##### RECORDS FOR THE EXERCISE

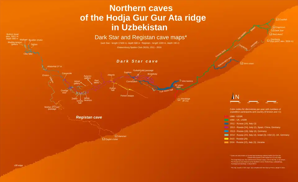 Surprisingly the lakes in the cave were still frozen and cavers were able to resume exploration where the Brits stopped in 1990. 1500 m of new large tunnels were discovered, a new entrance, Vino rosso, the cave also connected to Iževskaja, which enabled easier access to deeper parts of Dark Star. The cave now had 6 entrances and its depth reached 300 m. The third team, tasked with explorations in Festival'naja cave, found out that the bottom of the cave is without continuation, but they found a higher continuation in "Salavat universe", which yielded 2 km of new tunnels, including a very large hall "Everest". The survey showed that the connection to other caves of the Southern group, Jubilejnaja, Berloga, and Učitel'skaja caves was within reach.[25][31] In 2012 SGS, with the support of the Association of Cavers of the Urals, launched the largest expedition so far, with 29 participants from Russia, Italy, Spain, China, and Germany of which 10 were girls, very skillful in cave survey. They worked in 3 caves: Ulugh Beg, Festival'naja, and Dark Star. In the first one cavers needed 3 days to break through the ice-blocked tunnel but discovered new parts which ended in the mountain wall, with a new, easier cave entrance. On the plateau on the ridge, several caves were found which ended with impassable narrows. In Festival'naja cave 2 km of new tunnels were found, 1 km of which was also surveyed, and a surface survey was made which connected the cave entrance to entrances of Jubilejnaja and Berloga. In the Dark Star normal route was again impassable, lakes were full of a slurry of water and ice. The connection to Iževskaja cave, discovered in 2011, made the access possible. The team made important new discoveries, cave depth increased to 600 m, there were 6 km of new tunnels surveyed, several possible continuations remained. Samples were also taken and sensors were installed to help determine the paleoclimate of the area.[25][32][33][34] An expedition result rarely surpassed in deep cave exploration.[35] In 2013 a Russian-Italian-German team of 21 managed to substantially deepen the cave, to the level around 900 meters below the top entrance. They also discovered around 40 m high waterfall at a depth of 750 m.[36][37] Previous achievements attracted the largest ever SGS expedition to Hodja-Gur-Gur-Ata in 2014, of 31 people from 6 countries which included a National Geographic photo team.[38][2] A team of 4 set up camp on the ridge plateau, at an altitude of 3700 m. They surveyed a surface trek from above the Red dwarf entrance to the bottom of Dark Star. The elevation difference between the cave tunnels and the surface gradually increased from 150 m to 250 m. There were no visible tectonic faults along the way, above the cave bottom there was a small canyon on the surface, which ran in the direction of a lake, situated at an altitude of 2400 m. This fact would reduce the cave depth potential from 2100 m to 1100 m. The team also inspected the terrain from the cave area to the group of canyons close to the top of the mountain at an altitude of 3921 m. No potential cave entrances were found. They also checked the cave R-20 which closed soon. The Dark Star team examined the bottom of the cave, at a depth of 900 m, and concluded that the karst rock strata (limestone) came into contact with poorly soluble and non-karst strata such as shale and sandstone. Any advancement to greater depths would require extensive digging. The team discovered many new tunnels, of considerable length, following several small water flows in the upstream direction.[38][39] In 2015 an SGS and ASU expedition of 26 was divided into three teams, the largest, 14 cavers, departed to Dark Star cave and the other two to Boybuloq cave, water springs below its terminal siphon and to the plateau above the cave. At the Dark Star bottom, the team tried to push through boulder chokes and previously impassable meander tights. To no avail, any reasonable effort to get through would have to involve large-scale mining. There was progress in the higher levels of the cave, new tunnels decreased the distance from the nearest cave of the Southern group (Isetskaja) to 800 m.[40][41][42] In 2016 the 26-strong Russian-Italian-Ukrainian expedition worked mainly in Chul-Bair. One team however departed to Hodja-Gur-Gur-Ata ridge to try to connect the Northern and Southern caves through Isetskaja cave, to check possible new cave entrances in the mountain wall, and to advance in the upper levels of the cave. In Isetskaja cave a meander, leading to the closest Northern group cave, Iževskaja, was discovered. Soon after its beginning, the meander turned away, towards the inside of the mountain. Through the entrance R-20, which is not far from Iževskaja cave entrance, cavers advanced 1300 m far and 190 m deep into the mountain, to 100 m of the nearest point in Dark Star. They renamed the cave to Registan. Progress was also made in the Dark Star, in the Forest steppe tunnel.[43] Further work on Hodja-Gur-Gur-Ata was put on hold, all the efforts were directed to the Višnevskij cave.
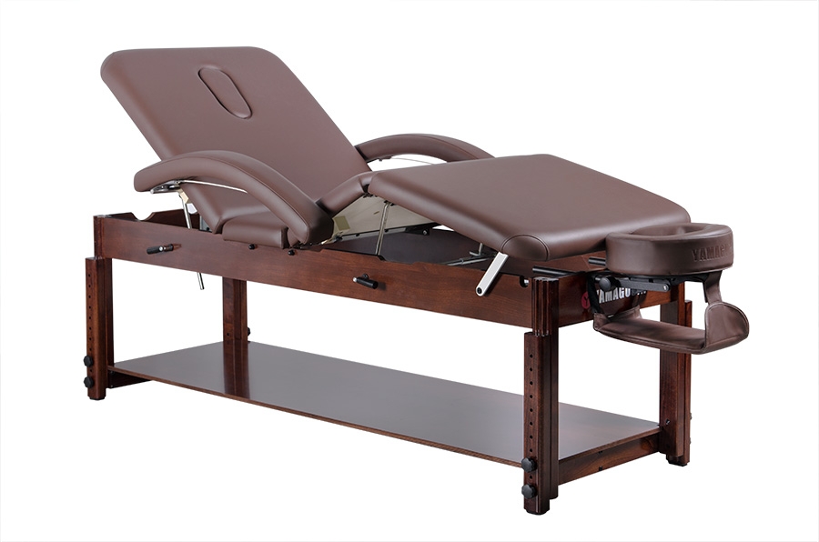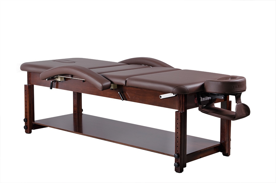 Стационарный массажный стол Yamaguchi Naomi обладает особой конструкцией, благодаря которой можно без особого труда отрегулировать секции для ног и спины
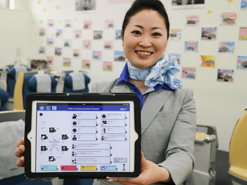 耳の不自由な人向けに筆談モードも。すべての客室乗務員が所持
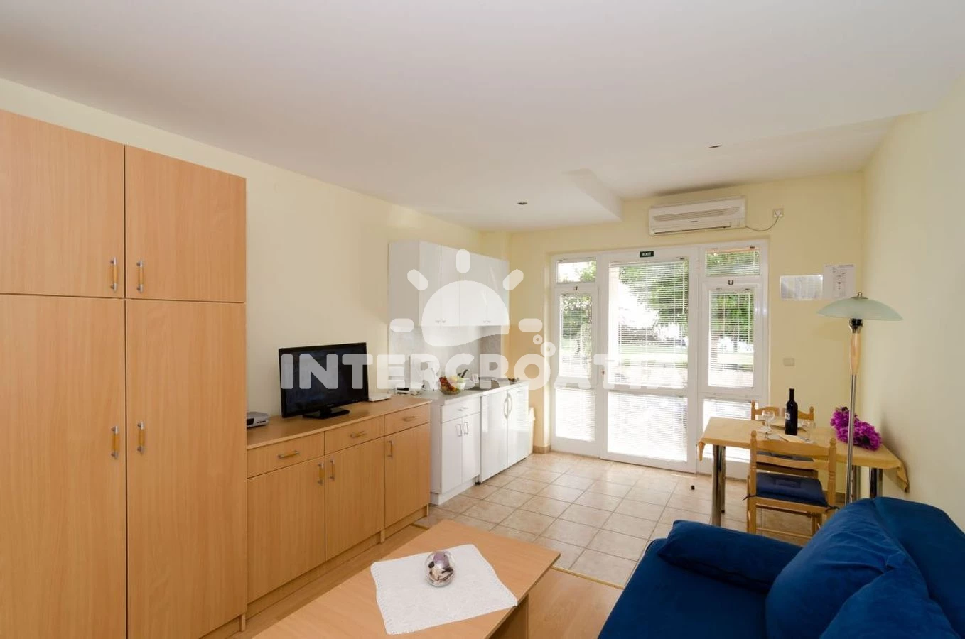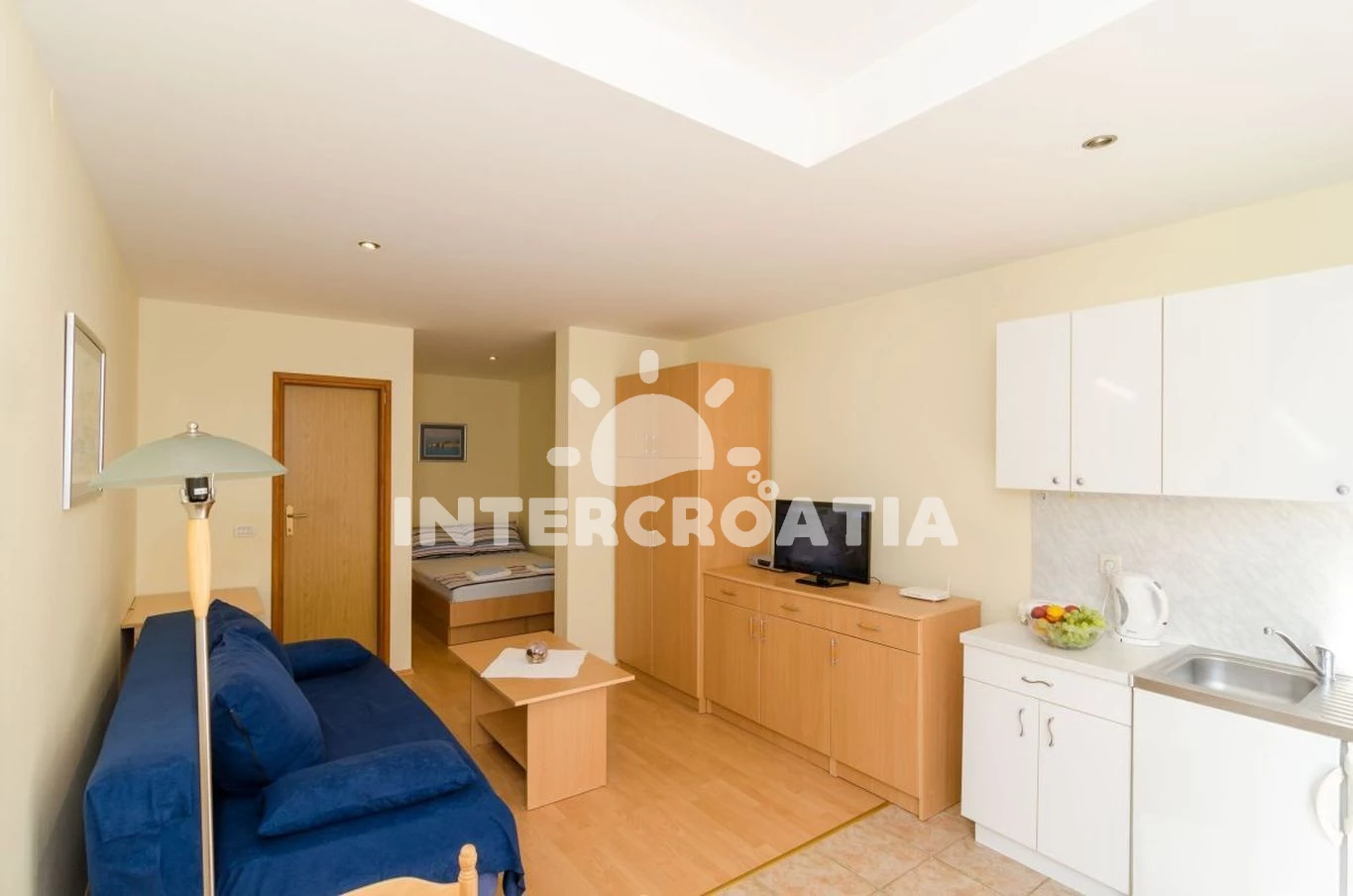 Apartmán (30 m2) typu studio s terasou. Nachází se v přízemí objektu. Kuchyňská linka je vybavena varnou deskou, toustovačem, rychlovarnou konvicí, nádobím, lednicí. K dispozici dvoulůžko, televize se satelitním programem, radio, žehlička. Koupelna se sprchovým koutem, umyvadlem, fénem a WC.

##########
##### RECORDS FOR THE EXERCISE

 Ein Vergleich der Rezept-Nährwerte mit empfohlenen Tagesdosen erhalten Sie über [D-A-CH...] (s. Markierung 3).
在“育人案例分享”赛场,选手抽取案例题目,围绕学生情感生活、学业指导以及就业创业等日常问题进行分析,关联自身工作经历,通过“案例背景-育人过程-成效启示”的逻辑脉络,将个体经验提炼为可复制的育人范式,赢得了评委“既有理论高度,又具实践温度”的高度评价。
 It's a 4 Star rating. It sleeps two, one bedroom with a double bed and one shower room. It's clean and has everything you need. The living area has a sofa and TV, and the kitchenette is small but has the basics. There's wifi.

##########

◆ PROBLEM DESCRIPTION ◆
A word-for-word copy of the lines above from the one with "Ein Vergleich der" through the one with "It's a 4 Star", inclusive, is the only output wanted.

◆ OUTPUT ◆
 Ein Vergleich der Rezept-Nährwerte mit empfohlenen Tagesdosen erhalten Sie über [D-A-CH...] (s. Markierung 3).
在“育人案例分享”赛场,选手抽取案例题目,围绕学生情感生活、学业指导以及就业创业等日常问题进行分析,关联自身工作经历,通过“案例背景-育人过程-成效启示”的逻辑脉络,将个体经验提炼为可复制的育人范式,赢得了评委“既有理论高度,又具实践温度”的高度评价。
 It's a 4 Star rating. It sleeps two, one bedroom with a double bed and one shower room. It's clean and has everything you need. The living area has a sofa and TV, and the kitchenette is small but has the basics. There's wifi.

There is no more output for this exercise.